Changing the typographic landscape of a country: one letter at a time
The blog post by Pooja Saxena was published in Storyweaver on December 1, 2016.
Some letters didn’t look like what we were taught in school, on others the matras (vowel marks) didn’t arch at the right places. Overall, the books and the letters inside them had an air of neglect. They looked old and completely unexciting. When I first learned that designing typefaces was a real job, I thought here was the opportunity to change all that.
Cambay, Devanagari typeface designed by Pooja Saxena for Google Fonts
Changing the typographic landscape of a country as diverse as India is not a one-woman job, but every now and then a project comes by that has the potential to make a small difference. Two years ago, as a result of a conversation with Subhashish Panigrahi, the Access to Knowledge programme at the Centre for Internet and Society commissioned a Ol Chiki typeface family. The Ol Chiki script, about which I knew precious little at the time, is used to write the language Santali, which is spoken by over six million people in India and its neighbouring countries. At the time that we started working on this project, there was no Unicode compliant typeface available in the script, making it impossible for it to be used on computers and cellphones, and online in a consistent and future-proof way. We hoped to change that by designing a small, but useful typeface family (it comes in regular, bold and italics) along with input methods and keyboard layouts that would allow a person to type Ol Chiki text easily.
Guru Gomke, Ol Chiki typeface designed by Pooja Saxena with research inputs from Shubhashish Panigrahi,for the A2K Programme at the Centre for Internet and Society.

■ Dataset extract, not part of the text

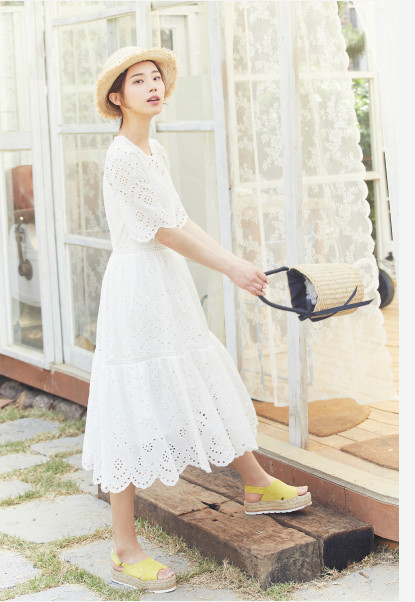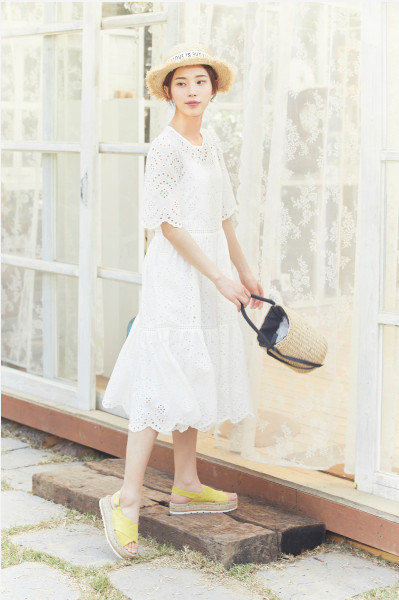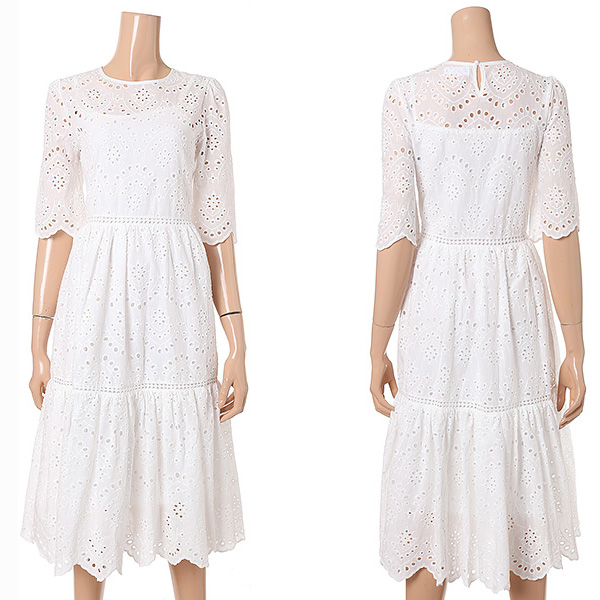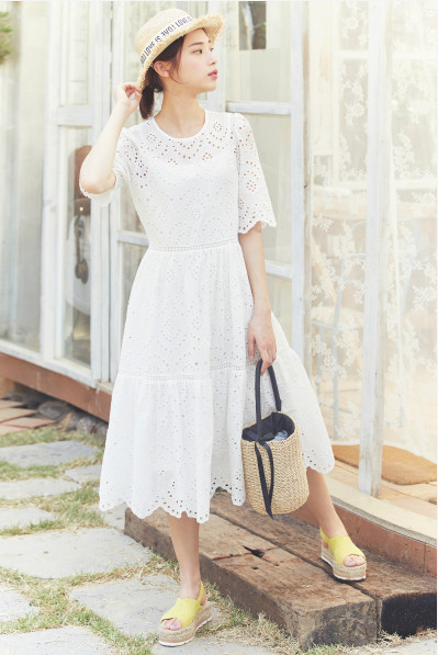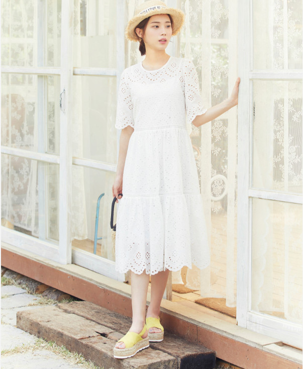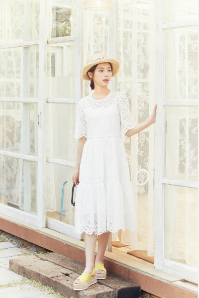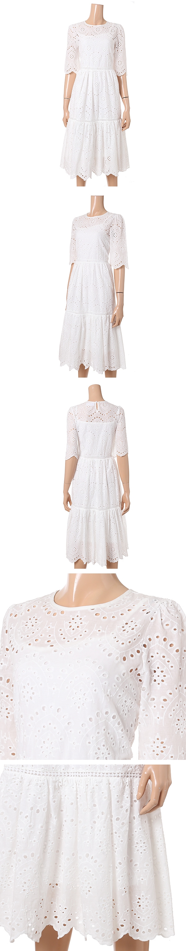 밑단 디테일로 포인트를 준 반팔 원피스 입니다.

This project was especially challenging because not only was Ol Chiki a completely unfamiliar script to me and Subhashish, but there was limited material available for us to consult. While designing a typeface in a script one reads and/or writes, or is at least familiar with, one’s experience with those letters can act as a guide. By writing them and seeing them printed in different fonts, in many people’s handwriting — some good, some bad — and on hand painted signs, one develops an instinct for identifying which parts of a letter make it recognisable. That way we know what parts of the letter can be exaggerated, and what others can be played down without compromising legibility. For an unfamiliar script, this visual vocabulary and the traditionally correct way of writing letters must be learned. Manuscripts, printed documents, handwriting manuals and samples, metal type, linguistic information about the script, feedback from native readers — all form parts of a puzzle that needs to be put together to design a competent typeface.

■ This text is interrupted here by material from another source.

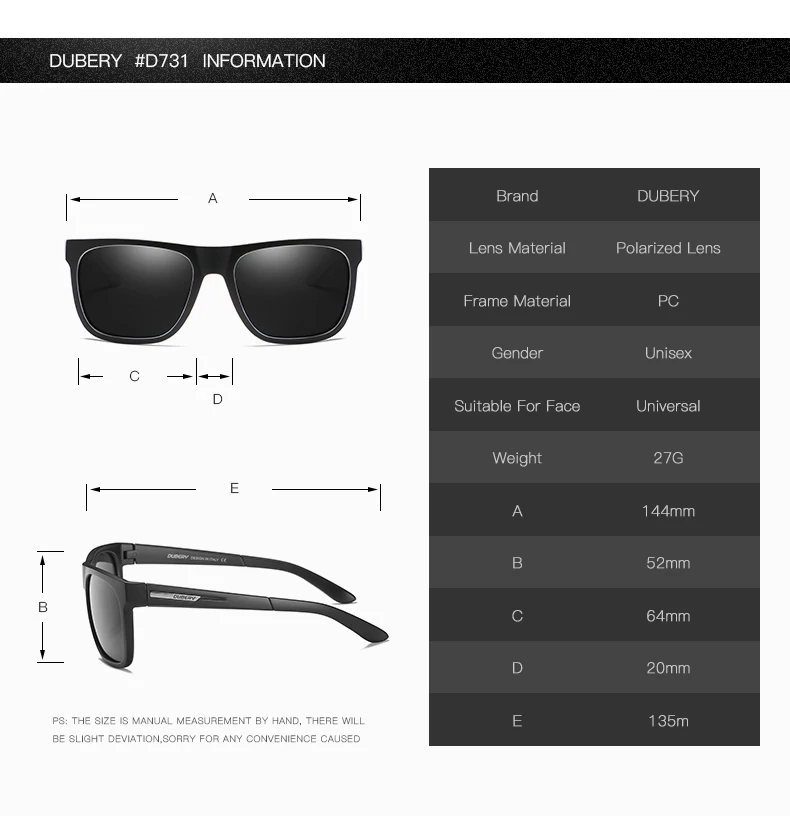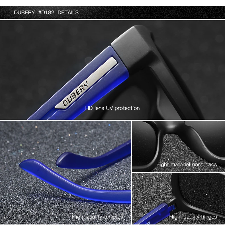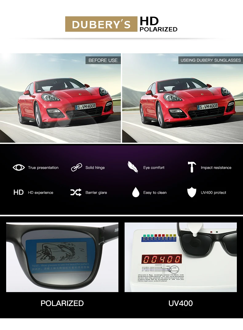 Мужские водительские солнцезащитные очки, квадратные поляризационные зеркальные очки, лето бренд DUBERY, UV400, 187

The story of Ol Chiki script is fascinating. The script is less than a century old, and was devised by Pandit Raghunath Murmu, who wanted to create a script that could accommodate all the features of the Santali language — something that the scripts used to write Santali so far had failed to do. Legend has it that he based the design of the letters on objects commonly found in the everyday environment of the Santals. Even though the script was created between 1920 – 1940, the Santal community has many myths about how it was created. One says that the script came to be at the time when the Earth itself was created, another says that the script was given as a divine gift to a learned man, Pandit Raghunath Murmu. It is after Pandit Raghunath Murmu, who is reverentially called Guru Gomke, that the Ol Chiki typeface that I designed was named. You can find out more about the Ol Chiki typeface and input methods project here.

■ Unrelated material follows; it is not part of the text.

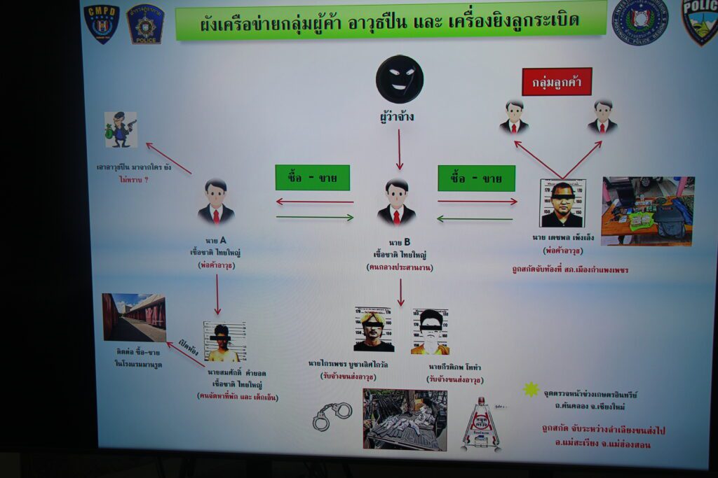 ด้าน พล.ต.ท.กฤตธาพล ยี่สาคร ผบช.ภ.5 เปิดเผยว่าจากการสอบสวนกลุ่มผู้ต้องหา ให้การรับสารภาพว่าได้รับจ้างขนอาวุธดังกล่าวจากบริเวณด้านหลังห้างโลตัส สาขาคำเที่ยง ตำบลช้างเผือก เพื่อนำไปส่งให้กับชนกลุ่มน้อย KNU ที่บ้านแม่สามแลบ อำเภอสบเมย จว.แม่ฮ่องสอน โดยได้รับค่าจ้างครั้งละ 8,000-9,000 บาท และเคยรับจ้างขนมาแล้ว 3 ครั้ง โดยจะมีคนจัดหาอาวุธทางแถบชายแดนและในพื้นที่ กทม. ซึ่งเป็นอาวุธปืนใหม่ทั้งหมด ตอนนี้ทางเจ้าหน้าที่ตำรวจกำลังเร่งขยายผลหาแหล่งที่มาของอาวุธรวมถึงกลุ่มขบวนการค้าอาวุธทั้งหมดมาดำเนินดคีตามกฎหมายบ้านเมืองต่อไป

Custom lettering for the Tamil branding of the Coovum Art Festival, designed by Pooja Saxena
If you’re interested in Indian type design and le ering, consider following the work of these exceptional designers — Noopur Datye, one of the co-founders of type design collective, Ek Type, who has designed custom typefaces TV channels like LifeOK; Kimya Gandhi, who is partner at Mota Italic, and recently designed an inventive Devanagari handwriting font; or Lipi Raval, whose flamboyant Gujarati typeface Mogra is a complete head-turner.